#### Aim of the exercise
Leave out the pictures and repeat everything else in the records exactly.

════════════════

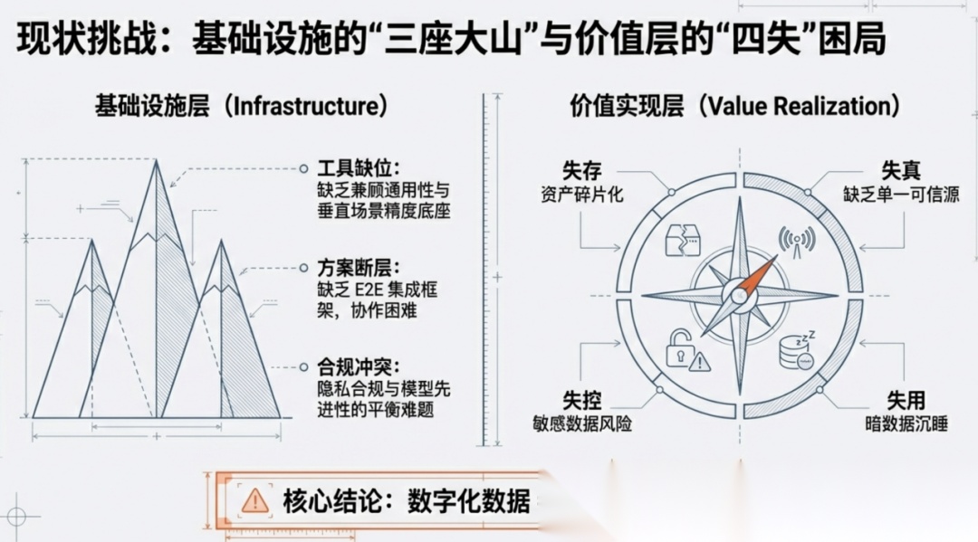 越来越多的企业开始意识到数据的重要性。同时意识到,企业想保持长远的发展,还需要协调组织协作、利用现有的数据沉淀经验知识、累积数据资产。实际上,尽管企业坐拥海量数据资产,但在大模型(LLM)从“技术验证”迈向“深度业务落地”的过程中,数据工程的基础设施能力仍是最大的掣肘。企业面临着数据供给侧能力不足与需求侧应用复杂的双重挤压,导致“数据多”难以转化为“价值大”。
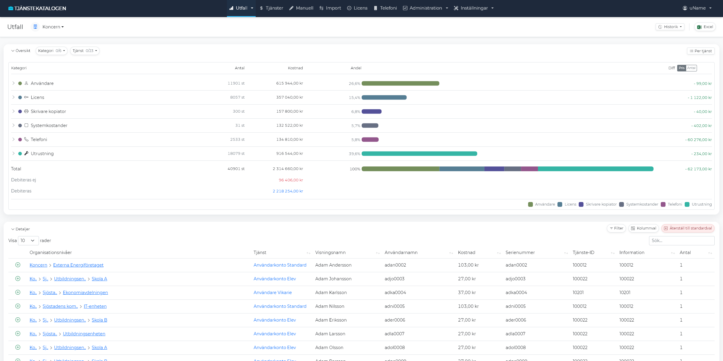 Tjänstekatalogen utgår från att debitera kostnader från en organisationsstruktur. Därför behöver ni ha en källa där denna information finns. Om ni saknar det kan vi hjälpa er att bygga en struktur för att fördela kostnader på olika kunder.
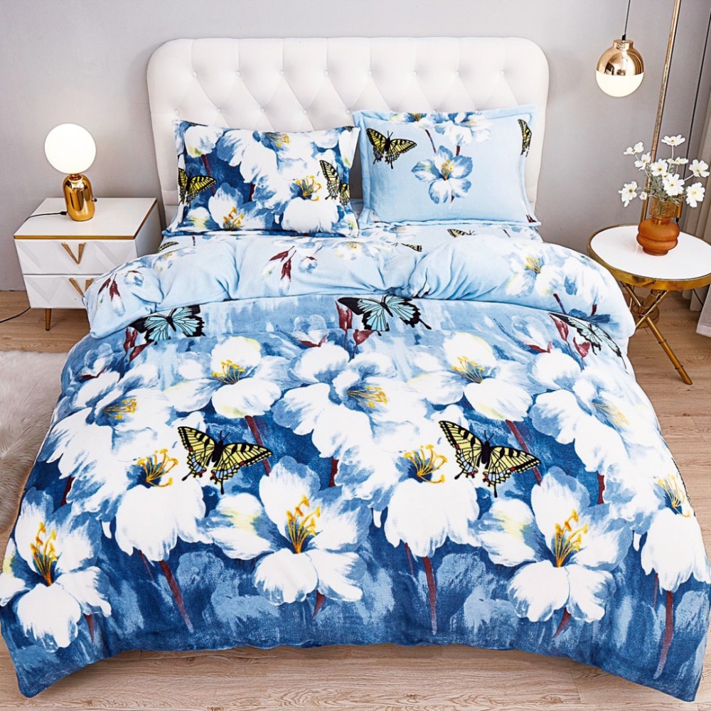 Lenjerie pentru Pat Dublu, Cocolino Premium, 4 Piese – Plușată, Groasă, și Călduroasă, Ideală pentru Iarnă – Confort Maxim, Antișifonare, Bleu, Alb, flori, CumparaMisim, cod produs: SDP-CC12
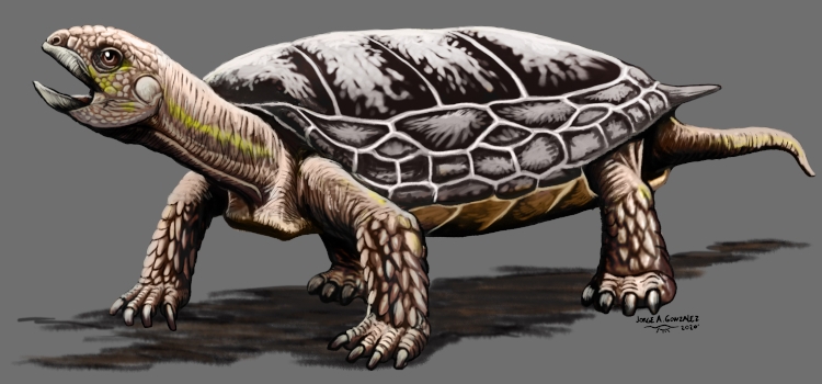 A partir de estos cuatro especímenes, se pudo reconstruir gran parte de su caparazón, de su cintura pélvica, de su cintura escapular (lo que sería la articulación de su hombro) y parte de su cráneo. Este animal existió a fines del Triásico, ya muy cerca del límite con el periodo Jurásico que comenzó hace unos 200 millones de años.
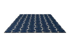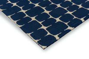 Design: Dynamic geometric pattern in indigo, navy, and cream tones

════════════════

#### Exercise solution
 越来越多的企业开始意识到数据的重要性。同时意识到,企业想保持长远的发展,还需要协调组织协作、利用现有的数据沉淀经验知识、累积数据资产。实际上,尽管企业坐拥海量数据资产,但在大模型(LLM)从“技术验证”迈向“深度业务落地”的过程中,数据工程的基础设施能力仍是最大的掣肘。企业面临着数据供给侧能力不足与需求侧应用复杂的双重挤压,导致“数据多”难以转化为“价值大”。
 Tjänstekatalogen utgår från att debitera kostnader från en organisationsstruktur. Därför behöver ni ha en källa där denna information finns. Om ni saknar det kan vi hjälpa er att bygga en struktur för att fördela kostnader på olika kunder.
 Lenjerie pentru Pat Dublu, Cocolino Premium, 4 Piese – Plușată, Groasă, și Călduroasă, Ideală pentru Iarnă – Confort Maxim, Antișifonare, Bleu, Alb, flori, CumparaMisim, cod produs: SDP-CC12
 A partir de estos cuatro especímenes, se pudo reconstruir gran parte de su caparazón, de su cintura pélvica, de su cintura escapular (lo que sería la articulación de su hombro) y parte de su cráneo. Este animal existió a fines del Triásico, ya muy cerca del límite con el periodo Jurásico que comenzó hace unos 200 millones de años.
 Design: Dynamic geometric pattern in indigo, navy, and cream tones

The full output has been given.